Not sure what Jacob proposed will generate, but will try that first as I'm unsure how I can perform a join on a constant :)


Thanks again



On Jan 4, 2012, at 5:44, Dmitriy Ryaboy <dv...@gmail.com> wrote:

> No Michael essentially wants a cross-product. It's a terrible thing and
> should be avoided :).
> 
> T1:
> 
> a  1
> b  2
> c  3
> d  4
> 
> T2:
> 
> a x
> b y
> c z
> 
> joined this way on the first column becomes:
> 
> a 1 b y
> a 1 c z
> b 2 a x
> b 2 c z
> c 3 a x
> c 3 b y
> d 4 a x
> d 4 b y
> d 4 c z
> 
> Note the cardinality explosion. Now assume that you are doing this in Pig /
> Hadoop because one of the relations is  TB-sized, or at least
> multi-gigabyte.
> 
> And this is why Pig doesn't support it.
> 
> But if you really want to, join on a constant (so all rows in T1 will match
> all rows in T2) and filter out those for which T1.loc == T2.loc
> 
> And don't say I didn't warn you :).
> 
> D
> 
> On Tue, Jan 3, 2012 at 5:34 AM, Jacob Perkins <ja...@gmail.com>wrote:
> 
>> If I understand correctly, this is nothing more than an anti-join which
>> can be done with pig using a cogroup.
>> 
>> So your SQL below:
>> 
>>> select * from yee a left join yer b on a.loc != b.loc;
>> 
>> becomes something like:
>> 
>> a = load 'yee' as (loc:chararray, stuff:int);
>> b = load 'yer' as (loc:chararray, stuff:int);
>> 
>> c = cogroup a by loc, b by loc;
>> d = foreach (filter c by IsEmpty(b)) generate FLATTEN(a);
>> 
>> which will result in d containing only the records from a where the
>> 'loc' field doesn't match with the 'loc' field in b.
>> 
>> --jacob
>> @thedatachef
>> 
>> 

Re: Left joins with != condition

Posted by Alan Gates <ga...@hortonworks.com>.
You can do better than joining on a constant.  Pig does support CROSS, and it does it in parallel.  (Joining on a constant would single thread the process.)  It still creates a massive volume of data and is slow, but it will work.

Alan.

On Jan 3, 2012, at 1:44 PM, Dmitriy Ryaboy wrote:

> No Michael essentially wants a cross-product. It's a terrible thing and
> should be avoided :).
> 
> T1:
> 
> a  1
> b  2
> c  3
> d  4
> 
> T2:
> 
> a x
> b y
> c z
> 
> joined this way on the first column becomes:
> 
> a 1 b y
> a 1 c z
> b 2 a x
> b 2 c z
> c 3 a x
> c 3 b y
> d 4 a x
> d 4 b y
> d 4 c z
> 
> Note the cardinality explosion.

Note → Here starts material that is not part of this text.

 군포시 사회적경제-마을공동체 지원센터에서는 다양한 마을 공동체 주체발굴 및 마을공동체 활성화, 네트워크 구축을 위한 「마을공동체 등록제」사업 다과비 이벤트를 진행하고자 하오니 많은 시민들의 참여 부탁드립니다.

Now assume that you are doing this in Pig /
> Hadoop because one of the relations is  TB-sized, or at least
> multi-gigabyte.
> 
> And this is why Pig doesn't support it.
> 
> But if you really want to, join on a constant (so all rows in T1 will match
> all rows in T2) and filter out those for which T1.loc == T2.loc
> 
> And don't say I didn't warn you :).
> 
> D
> 
> On Tue, Jan 3, 2012 at 5:34 AM, Jacob Perkins <ja...@gmail.com>wrote:
> 
>> If I understand correctly, this is nothing more than an anti-join which
>> can be done with pig using a cogroup.
>> 
>> So your SQL below:
>> 
>>> select * from yee a left join yer b on a.loc != b.loc;
>> 
>> becomes something like:
>> 
>> a = load 'yee' as (loc:chararray, stuff:int);
>> b = load 'yer' as (loc:chararray, stuff:int);
>> 
>> c = cogroup a by loc, b by loc;
>> d = foreach (filter c by IsEmpty(b)) generate FLATTEN(a);
>> 
>> which will result in d containing only the records from a where the
>> 'loc' field doesn't match with the 'loc' field in b.
>> 
>> --jacob
>> @thedatachef
>> 
>> 


Re: Left joins with != condition

Posted by Dmitriy Ryaboy <dv...@gmail.com>.
No Michael essentially wants a cross-product. It's a terrible thing and
should be avoided :).

T1:

a  1
b  2
c  3
d  4

T2:

a x
b y
c z

joined this way on the first column becomes:

a 1 b y
a 1 c z
b 2 a x
b 2 c z
c 3 a x
c 3 b y
d 4 a x
d 4 b y
d 4 c z

Note the cardinality explosion. Now assume that you are doing this in Pig /
Hadoop because one of the relations is  TB-sized, or at least
multi-gigabyte.

And this is why Pig doesn't support it.

But if you really want to, join on a constant (so all rows in T1 will match
all rows in T2) and filter out those for which T1.loc == T2.loc

And don't say I didn't warn you :).

D

On Tue, Jan 3, 2012 at 5:34 AM, Jacob Perkins <ja...@gmail.com>wrote:

> If I understand correctly, this is nothing more than an anti-join which
> can be done with pig using a cogroup.
>
> So your SQL below:
>
> > select * from yee a left join yer b on a.loc != b.loc;
>
> becomes something like:
>
> a = load 'yee' as (loc:chararray, stuff:int);
> b = load 'yer' as (loc:chararray, stuff:int);
>
> c = cogroup a by loc, b by loc;
> d = foreach (filter c by IsEmpty(b)) generate FLATTEN(a);
>
> which will result in d containing only the records from a where the
> 'loc' field doesn't match with the 'loc' field in b.
>
> --jacob
> @thedatachef
>
>

Re: Left joins with != condition

Posted by Jacob Perkins <ja...@gmail.com>.
If I understand correctly, this is nothing more than an anti-join which
can be done with pig using a cogroup.

So your SQL below:

> select * from yee a left join yer b on a.loc != b.loc;

becomes something like:

a = load 'yee' as (loc:chararray, stuff:int);
b = load 'yer' as (loc:chararray, stuff:int);

c = cogroup a by loc, b by loc;
d = foreach (filter c by IsEmpty(b)) generate FLATTEN(a);

which will result in d containing only the records from a where the
'loc' field doesn't match with the 'loc' field in b.

--jacob
@thedatachef